Sclerotherapy eliminates smaller varicose and spider veins through the injection of an FDA-approved drug solution that causes closure of the veins. The solution is injected directly into the affected veins, where it causes the vein walls to seal together. The vein is eventually reabsorbed by the body while blood is rerouted through healthy veins nearby. While Sclerotherapy is covered by some insurance companies for the treatment of varicose veins, it is not covered for the treatment of spider veins by most insurance companies. Therefore, most Sclerotherapy treatments performed on the spider veins are paid by the patients themselves. Spider veins are those small and tiny, “serpentine” veins right on the skin that are 1-2 mm or less in width, and are in shades of blue, purple, or red in color. Although there are alternative treatments for the spider veins such as topical laser treatment, Sclerotherapy is still considered the best treatment for spider veins. No anesthetic is required prior to treatment and patients report little discomfort during and after the procedure. Most return to work and regular activities as soon as the treatment is completed.
Because Sclerotherapy is only “partially successful” among those injected spider veins, multiple sessions of injection maybe needed in some patients. Between 1 to 3 sessions of treatments are usually needed for a given area, separated by weeks to months of interval in between sessions.
In the U.S., there are only two drug solutions that are FDA-approved for sclerotherapy. One is sodium tetradecyl sulfate (Sotradecol®) and the other is polidocanol (Asclera®). Hypertonic solution used to be used widely, but no longer. We use Sotradecol®.

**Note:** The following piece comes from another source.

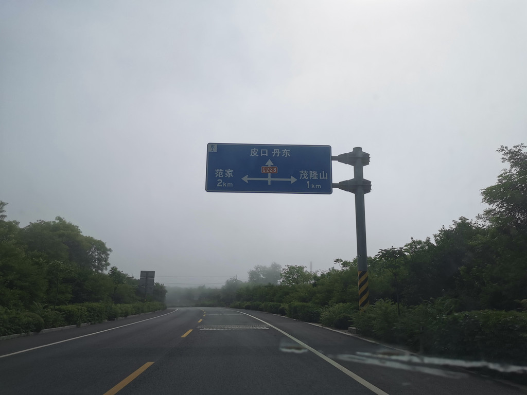 前半段沿着G228走,路况还是不错,路过山口,还是有薄雾。

It is important that you have a detailed and open discussion about the true effectiveness of Sclerotherapy, so that you may develop a realistic expectation of the cosmetic outcome from the procedure. Information presented in the following paragraphs should be reviewed in detail during your initial consultation. Sclerotherapy is not magic. It is far from being 100% effective. Any physician who tells you that “Your spider veins will be all gone before the summer” is not telling you the whole truth. If you can imagine, we the clinicians inject a drug solution into these tiny veins, and we depend on a number of factors for a satisfactory outcome. One is your body’s reaction to these sclerosant agents, which is, after all, a chemical irritant. Another is the local micro-anatomy of these tiny veins, and how they are connected with the underlying larger veins. These are just a couple of factors that determine the outcome. As such, the effectiveness of Sclerotherapy to make the veins disappear is widely variable from patient to patient, and even from various parts of the leg. Because of these reasons, studies have shown that Sclerotherapy’s effectiveness ranges from 50% to 80%, and up to 10% of patients do not respond. The further down the leg the spider veins are located, the more difficult it seems to eradicate them, such as around the ankle/foot area.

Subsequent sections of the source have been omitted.